◆ **Problem to solve**: Leaving the pictures out, print the lines from the first line of the listing through the line containing "每一张非公显卡都有独特的散热系统,这张耕升RTX 5070 Ti", exactly as they read, and no others.
*** Opening Data records ***
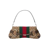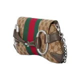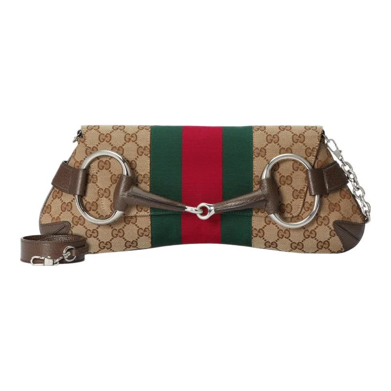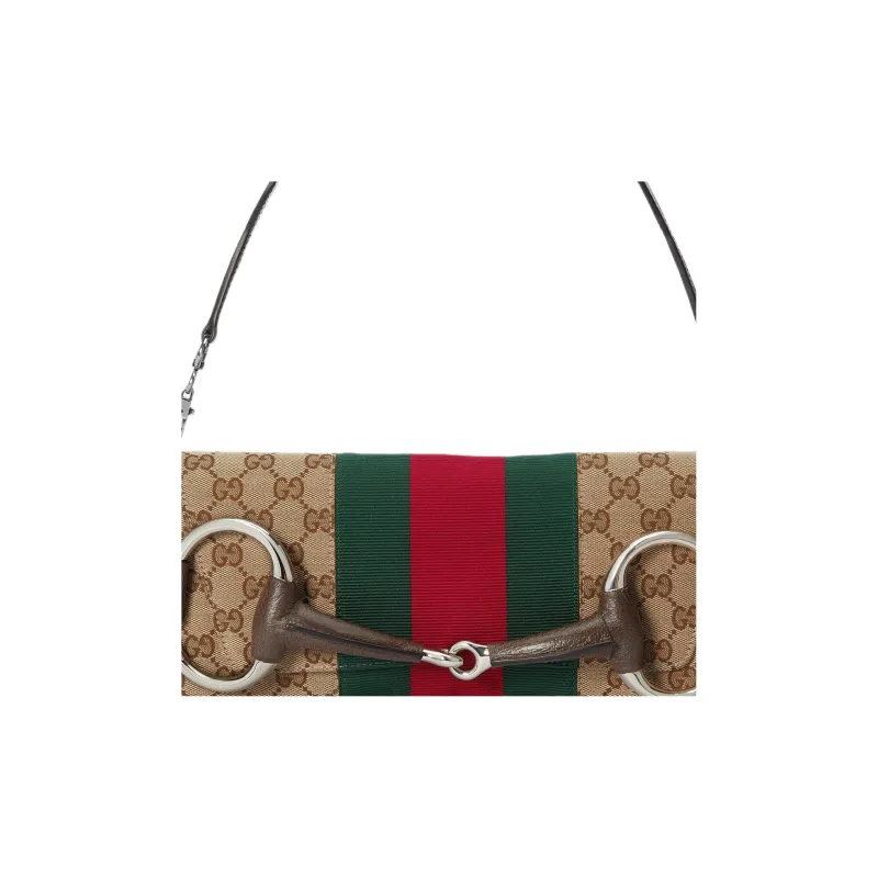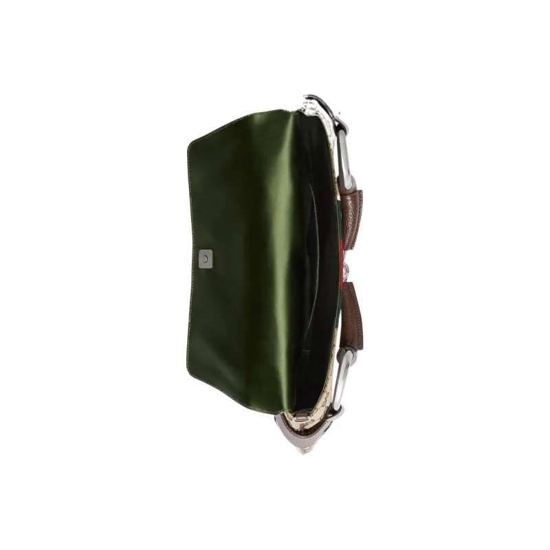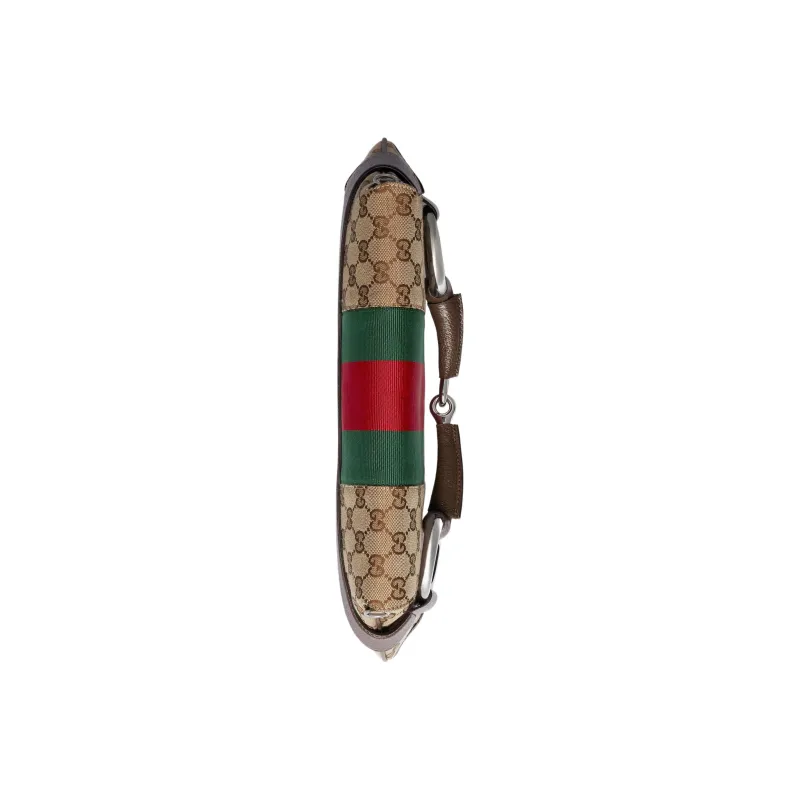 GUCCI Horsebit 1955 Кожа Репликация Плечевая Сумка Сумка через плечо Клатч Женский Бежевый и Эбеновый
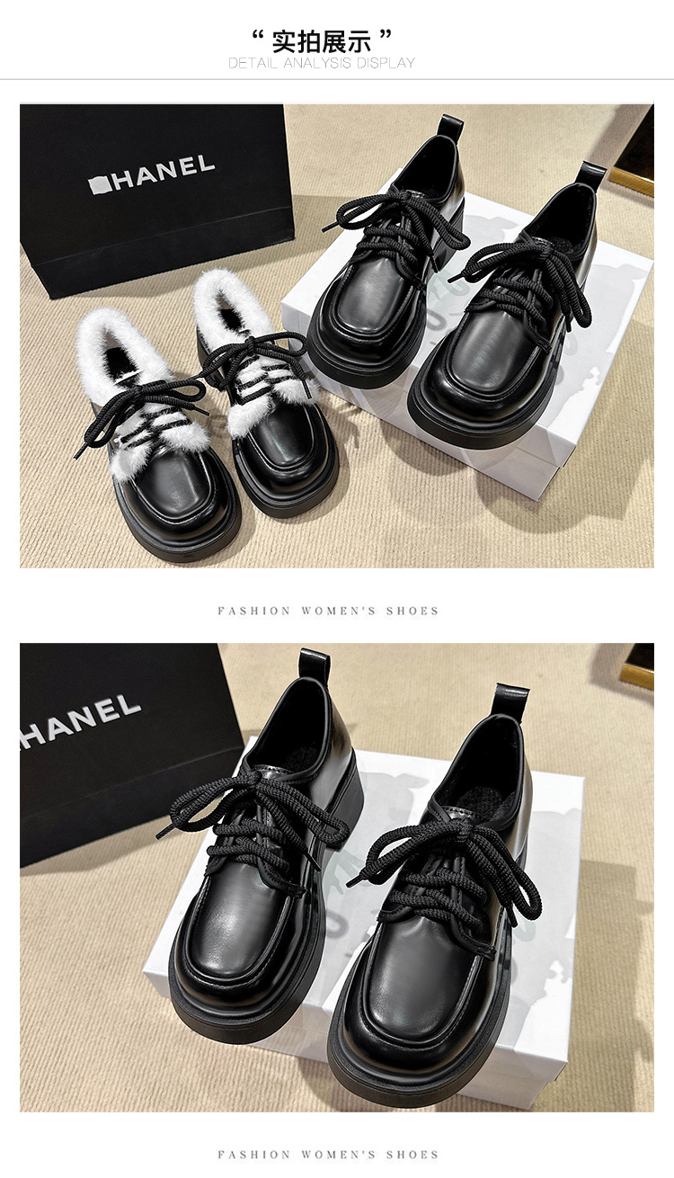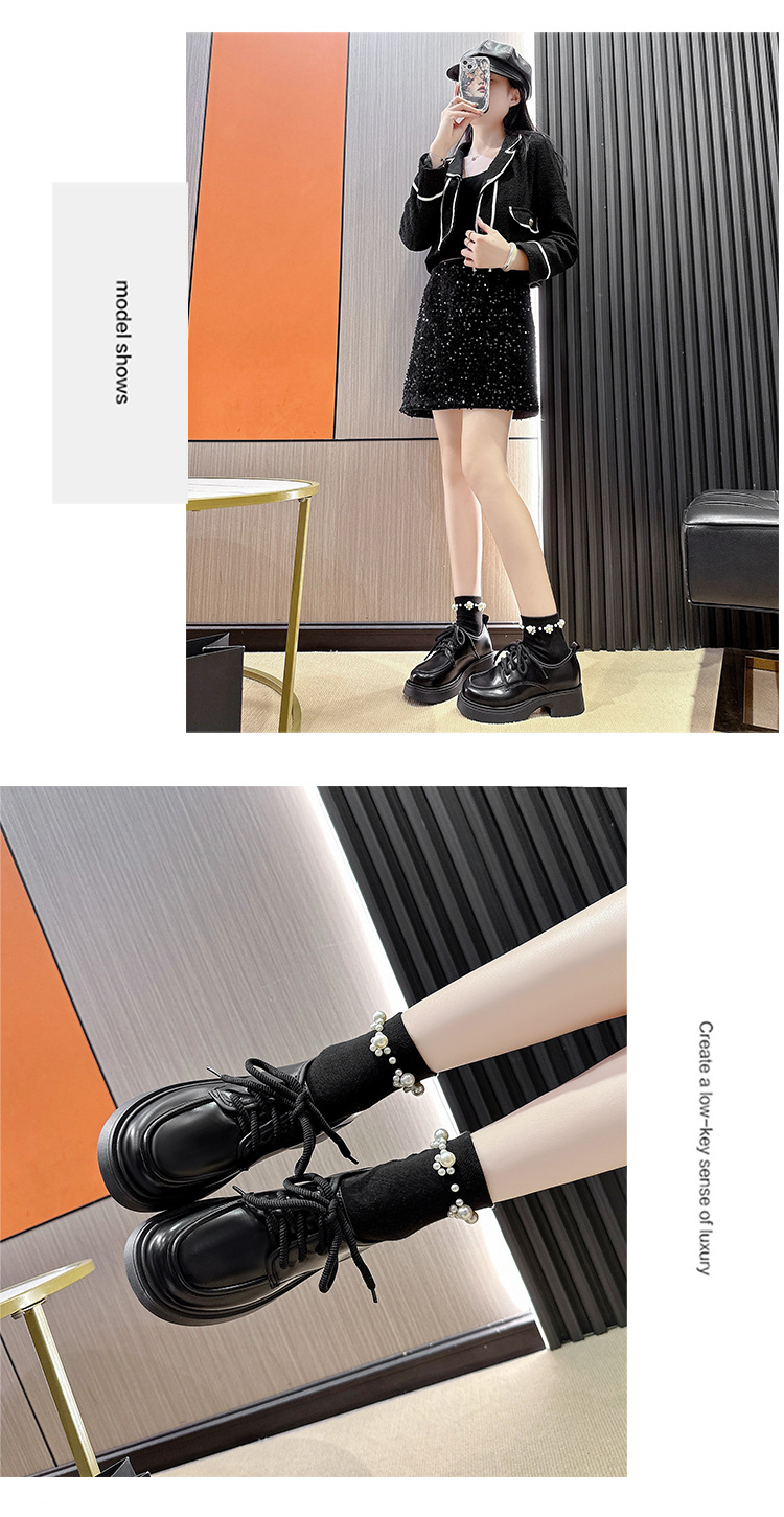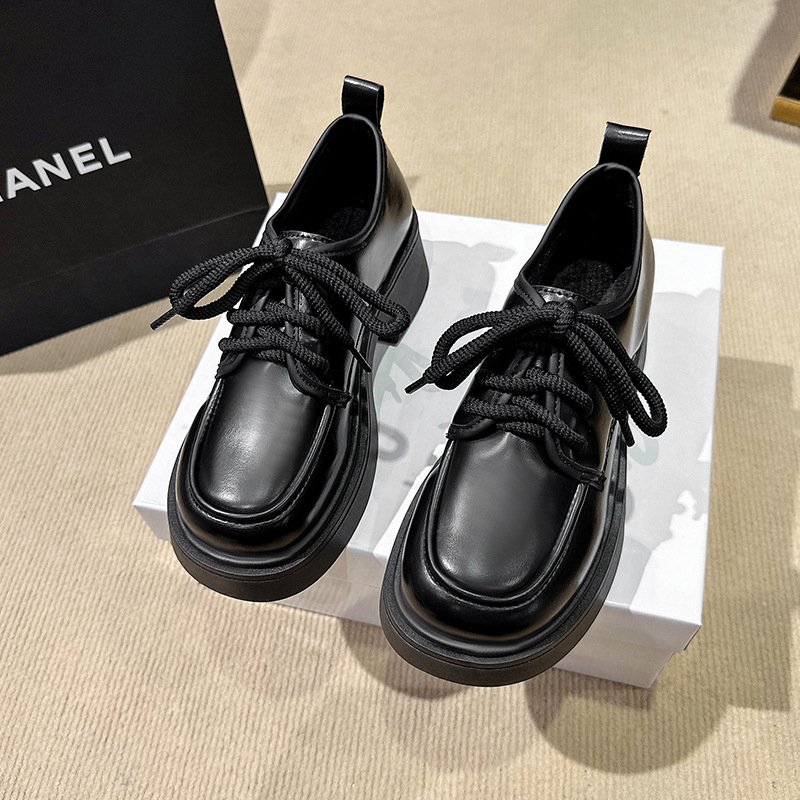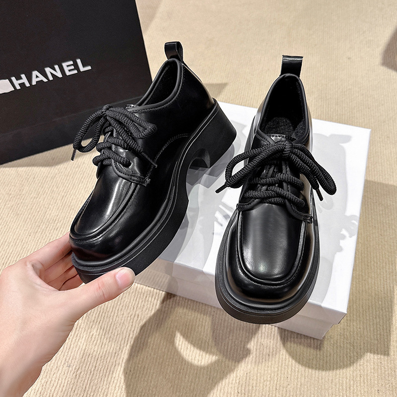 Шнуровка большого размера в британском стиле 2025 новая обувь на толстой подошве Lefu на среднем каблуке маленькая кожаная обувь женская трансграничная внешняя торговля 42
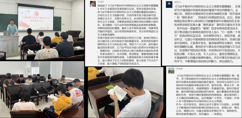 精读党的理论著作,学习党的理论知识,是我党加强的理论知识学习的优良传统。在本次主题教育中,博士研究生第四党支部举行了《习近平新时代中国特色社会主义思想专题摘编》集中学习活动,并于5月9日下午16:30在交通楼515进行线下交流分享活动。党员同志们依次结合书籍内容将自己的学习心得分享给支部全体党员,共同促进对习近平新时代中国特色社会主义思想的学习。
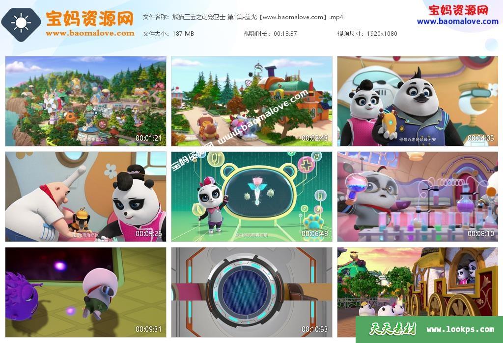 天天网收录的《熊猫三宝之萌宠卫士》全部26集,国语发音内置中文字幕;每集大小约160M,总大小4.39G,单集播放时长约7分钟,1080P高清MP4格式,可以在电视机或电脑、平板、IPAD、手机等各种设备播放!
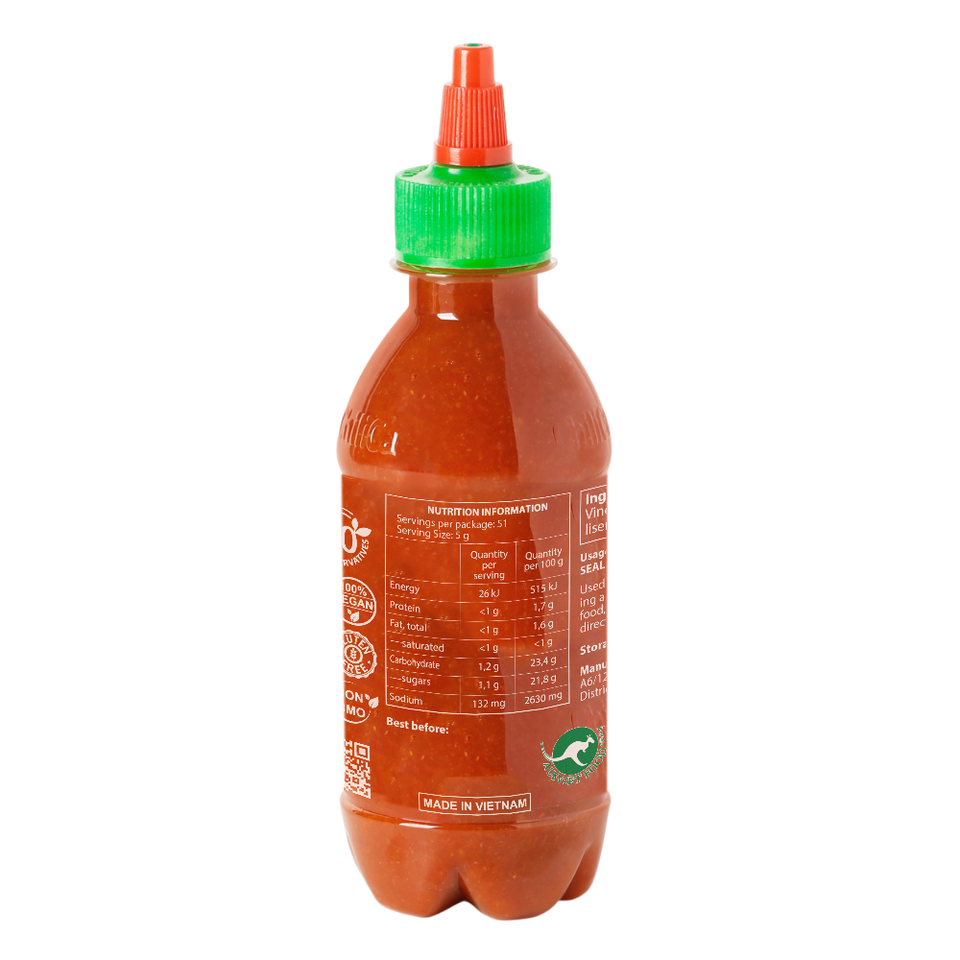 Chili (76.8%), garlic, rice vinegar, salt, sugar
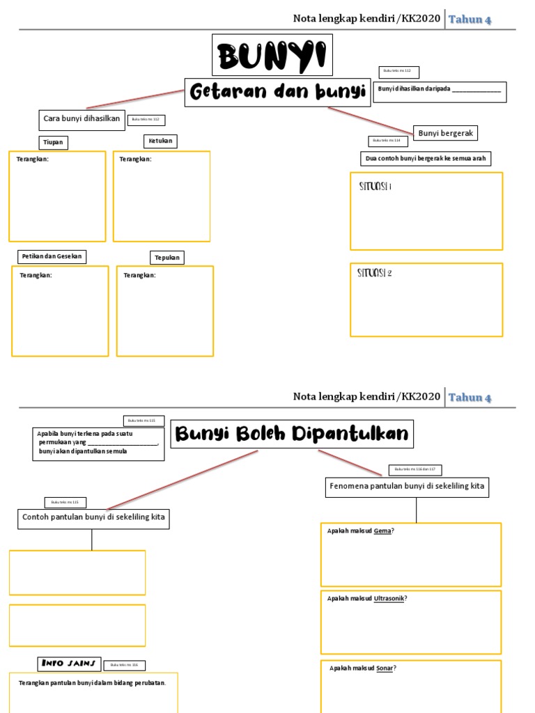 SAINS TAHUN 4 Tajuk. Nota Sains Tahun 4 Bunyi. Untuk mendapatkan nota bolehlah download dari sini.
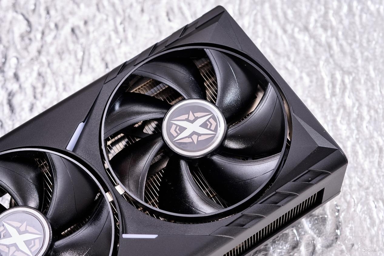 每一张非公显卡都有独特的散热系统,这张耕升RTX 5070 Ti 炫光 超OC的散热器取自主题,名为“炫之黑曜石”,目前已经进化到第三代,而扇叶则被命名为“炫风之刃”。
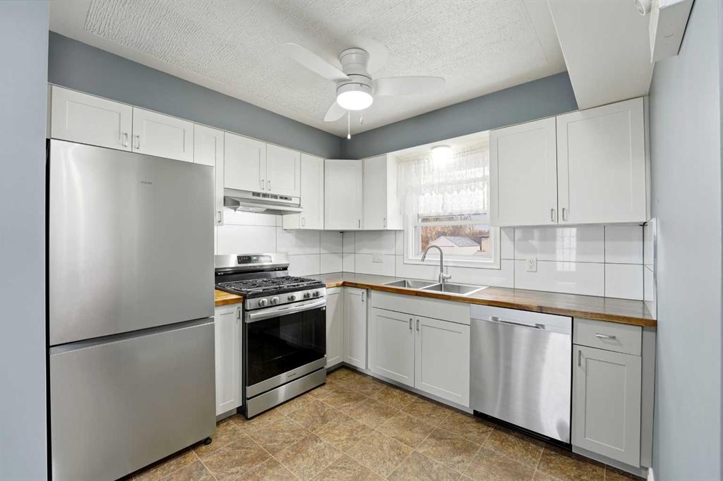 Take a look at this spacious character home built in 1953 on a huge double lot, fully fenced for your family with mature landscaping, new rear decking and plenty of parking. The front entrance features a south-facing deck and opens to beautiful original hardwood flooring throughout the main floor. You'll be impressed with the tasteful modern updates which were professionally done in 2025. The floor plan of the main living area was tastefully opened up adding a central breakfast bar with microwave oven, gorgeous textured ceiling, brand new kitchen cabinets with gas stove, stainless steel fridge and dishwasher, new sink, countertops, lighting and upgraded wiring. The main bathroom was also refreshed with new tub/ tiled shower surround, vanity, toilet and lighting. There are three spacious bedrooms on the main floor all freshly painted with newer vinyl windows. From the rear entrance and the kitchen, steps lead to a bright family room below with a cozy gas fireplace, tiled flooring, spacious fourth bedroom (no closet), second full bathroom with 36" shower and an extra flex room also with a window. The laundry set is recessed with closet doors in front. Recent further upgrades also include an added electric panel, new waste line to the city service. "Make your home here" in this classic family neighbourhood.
*** Closing Data records ***
◆ **Response**:
 GUCCI Horsebit 1955 Кожа Репликация Плечевая Сумка Сумка через плечо Клатч Женский Бежевый и Эбеновый
 Шнуровка большого размера в британском стиле 2025 новая обувь на толстой подошве Lefu на среднем каблуке маленькая кожаная обувь женская трансграничная внешняя торговля 42
 精读党的理论著作,学习党的理论知识,是我党加强的理论知识学习的优良传统。在本次主题教育中,博士研究生第四党支部举行了《习近平新时代中国特色社会主义思想专题摘编》集中学习活动,并于5月9日下午16:30在交通楼515进行线下交流分享活动。党员同志们依次结合书籍内容将自己的学习心得分享给支部全体党员,共同促进对习近平新时代中国特色社会主义思想的学习。
 天天网收录的《熊猫三宝之萌宠卫士》全部26集,国语发音内置中文字幕;每集大小约160M,总大小4.39G,单集播放时长约7分钟,1080P高清MP4格式,可以在电视机或电脑、平板、IPAD、手机等各种设备播放!
 Chili (76.8%), garlic, rice vinegar, salt, sugar
 SAINS TAHUN 4 Tajuk. Nota Sains Tahun 4 Bunyi. Untuk mendapatkan nota bolehlah download dari sini.
 每一张非公显卡都有独特的散热系统,这张耕升RTX 5070 Ti 炫光 超OC的散热器取自主题,名为“炫之黑曜石”,目前已经进化到第三代,而扇叶则被命名为“炫风之刃”。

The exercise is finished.